The History of the Mobile Dimension Saw Portable Sawmill
Written by Lara May, the inventor Jim May's wife.
Sometime in 1962 as Jim and I were returning home from a camping trip, we stopped to watch and talk to some loggers. We learned that the loggers were required to haul out big, partly rotten logs (cull logs) at their own expense and were not getting paid for them at the mill. Bear in mind, this was a depressed economic time history, so even at the best; it was not a job to get rich at.
Due to that encounter, the idea of a portable sawmill was born. One light and portable enough to be taken into the woods and manufacture lumber on the site, leaving the rotten parts of the log. A truck capable of hauling 4,000 board foot of logs (scaled down and perhaps only partly saleable) was able to haul 11,000 board foot of lumber, making a profitable payload, the hauled lumber pieces all had a value.
Through the ensuing years, many false starts were begun, many models and experiments, chain saw bars, circular saw blades, Onan engines, Briggs and Stratton engines, and even 2 engines at a time and finally ending up with what it basically is at this time, a VW engine and 3 circular saw blades.
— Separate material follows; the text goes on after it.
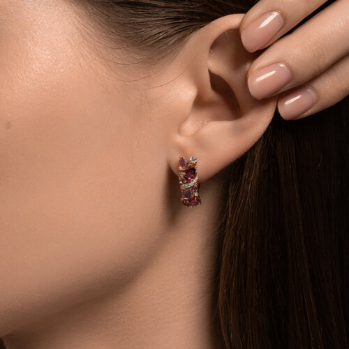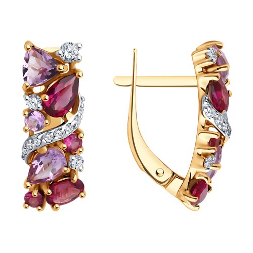 Серьги, аметист, родолит, фианит

We erred in judgement, were discouraged and disgusted and made enough unproductive decisions about ways to get it manufactured and put it on the market. We licensed a company to make it, but it was a very discouraging two years.
Finally in January of 1966 we decided to act on that old axiom, "if you want a thing well done, do it yourself". Acting upon that decision, we rented an old building, bought, begged and borrowed machinery and started manufacturing portable sawmills. Needless to say, we worked many long hours and squeezed each dime until we could make people aware of the potential capabilities of the sawmills. Since the start, the mobile sawmill has been used around the world and has proven to be one of the best inventions.